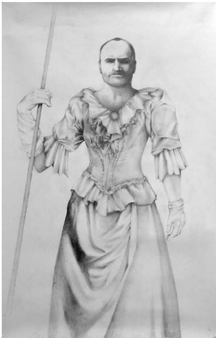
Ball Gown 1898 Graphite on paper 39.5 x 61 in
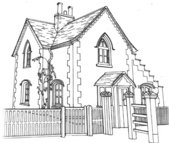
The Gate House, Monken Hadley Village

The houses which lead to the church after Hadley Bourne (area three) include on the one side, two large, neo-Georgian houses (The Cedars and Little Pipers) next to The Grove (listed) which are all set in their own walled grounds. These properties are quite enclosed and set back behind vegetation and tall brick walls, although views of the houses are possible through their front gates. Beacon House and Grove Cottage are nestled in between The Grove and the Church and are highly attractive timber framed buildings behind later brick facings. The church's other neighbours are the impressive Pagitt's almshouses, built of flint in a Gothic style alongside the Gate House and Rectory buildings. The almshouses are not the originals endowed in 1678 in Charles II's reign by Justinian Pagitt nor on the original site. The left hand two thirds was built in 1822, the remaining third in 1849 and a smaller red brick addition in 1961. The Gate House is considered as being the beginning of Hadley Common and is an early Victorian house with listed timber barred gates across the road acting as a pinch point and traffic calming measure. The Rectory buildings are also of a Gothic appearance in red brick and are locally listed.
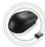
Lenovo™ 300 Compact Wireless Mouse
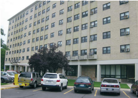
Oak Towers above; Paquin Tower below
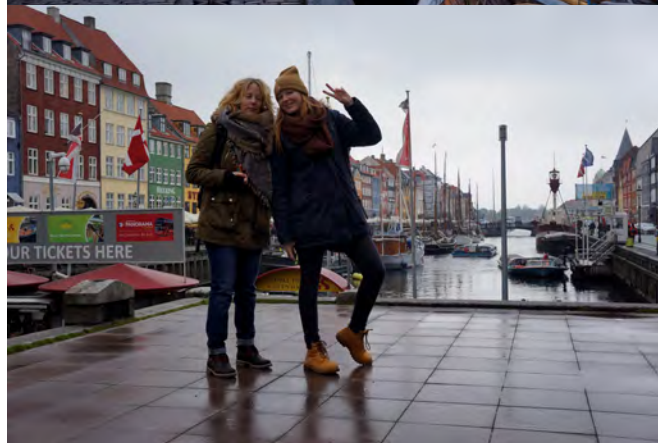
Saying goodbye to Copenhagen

Problem statement:
Only the lines from the one containing "Oak Towers above; Paquin Tower below" through the end of the records are wanted, set down exactly and without their pictures.

Task answer:
Oak Towers above; Paquin Tower below
Saying goodbye to Copenhagen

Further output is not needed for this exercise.